Acute tetrahydrobiopterin supplementation attenuates sympathetic vasoconstrictor responsiveness in resting and contracting skeletal muscle of healthy rats

Tetrahydrobiopterin (BH4) is an essential cofactor for the production of nitric oxide (NO) and supplementation with BH4 improves NO‐dependent vasodilation. NO also reduces sympathetic vasoconstrictor responsiveness in resting and contracting skeletal muscle. Thus, we hypothesized that supplementation with BH4 would blunt sympathetic vasoconstrictor responsiveness in resting and contracting skeletal muscle. Sprague‐Dawley rats (n = 15, 399 ± 57 g) were anesthetized and instrumented with an indwelling brachial artery catheter, femoral artery flow probe, and a stimulating electrode on the lumbar sympathetic chain. Triceps surae muscles were stimulated to contract rhythmically at 30% and 60% of maximal contractile force (MCF). The percentage change of femoral vascular conductance (%FVC) in response to sympathetic stimulations delivered at 2 and 5 Hz was determined at rest and during muscle contraction in control and acute BH4 supplementation (20 mg·kg−1 + 10 mg·kg−1·h−1, IA) conditions. BH4 reduced (P < 0.05) the vasoconstrictor response to sympathetic stimulation (i.e., decrease in FVC) at rest (Control: 2 Hz: −28 ± 5%FVC; 5 Hz: −45 ± 5%; BH4: 2 Hz: −17 ± 4%FVC; 5 Hz: −34 ± 7%FVC) and during muscular contraction at 30% MCF (Control: 2 Hz: −14 ± 6%FVC; 5 Hz: −28 ± 11%; BH4: 2 Hz: −6 ± 6%FVC; 5 Hz: −16 ± 10%) and 60% MCF (Control: 2 Hz: −7 ± 3%FVC; 5 Hz: −16 ± 6%FVC; BH4: 2 Hz: −2 ± 3%FVC; 5 Hz: −11 ± 6%FVC). These data are consistent with our hypothesis that acute BH4 supplementation decreases sympathetic vasoconstrictor responsiveness in resting and contracting skeletal muscle.

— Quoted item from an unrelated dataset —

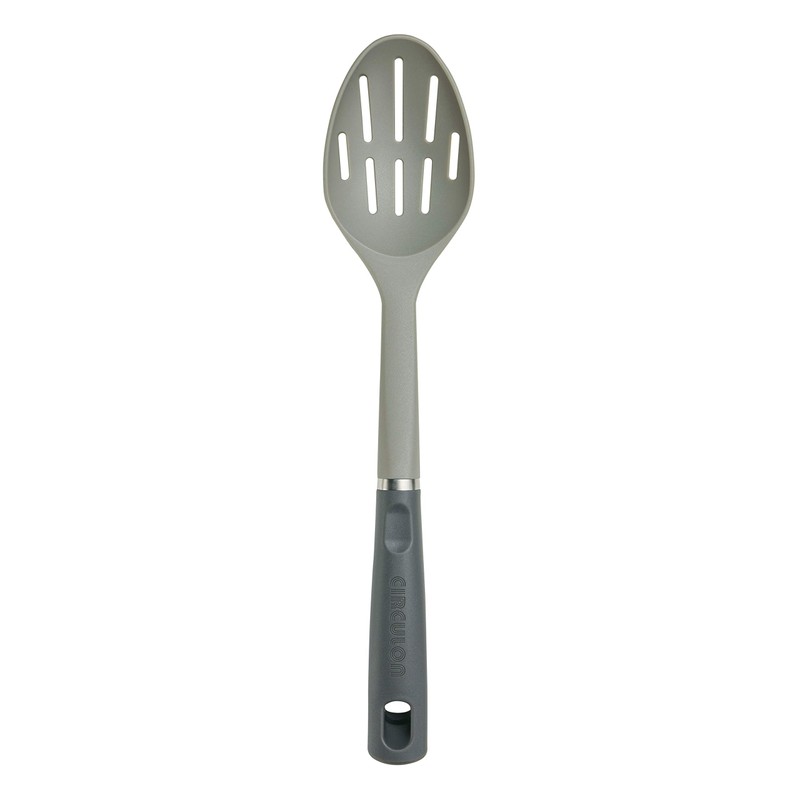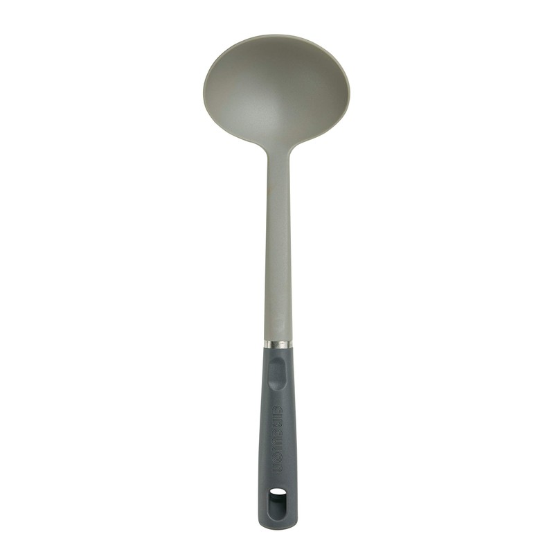 With a contemporary design in a bold, modern, Oyster Gray Color, the Circulon solutions 4-Piece nylon tool set offers all of the essential pieces for stirring, flipping, serving and straining. Use the ladle for dishing up generous portions of creamy new England Clam chowder, or grab the turner for flipping a weeknight dinner of pan-seared Blue cheese and caramelized onion burgers. Crafted from durable stainless steel and heat-resistant nylon, the tools are ideal for all cookware, bakeware and serveware, and won't scrape or scratch nonstick surfaces. Equip the kitchen with all of the essential tools for cooking, mixing, and serving with the Circulon solutions 4-Piece nylon tool set.

Hindlimb unweighting does not alter vasoconstrictor responsiveness and nitric oxide‐mediated inhibition of sympathetic vasoconstriction

Physical inactivity increases the risk of cardiovascular disease and may alter sympathetic nervous system control of vascular resistance. Hindlimb unweighting (HU), a rodent model of physical inactivity, has been shown to diminish sympathetic vasoconstrictor responsiveness and reduce NO synthase expression in isolated skeletal muscle blood vessels. Our understanding of the effects of HU on sympathetic vascular regulation in vivo is very limited. The present findings demonstrate that HU did not alter sympathetic vasoconstrictor responsiveness and NO‐mediated inhibition of sympathetic vasoconstriction in resting and contracting skeletal muscle. This study suggests that short‐term physical inactivity does not alter in vivo sympathetic vascular control in the skeletal muscle vascular bed at rest and during contraction.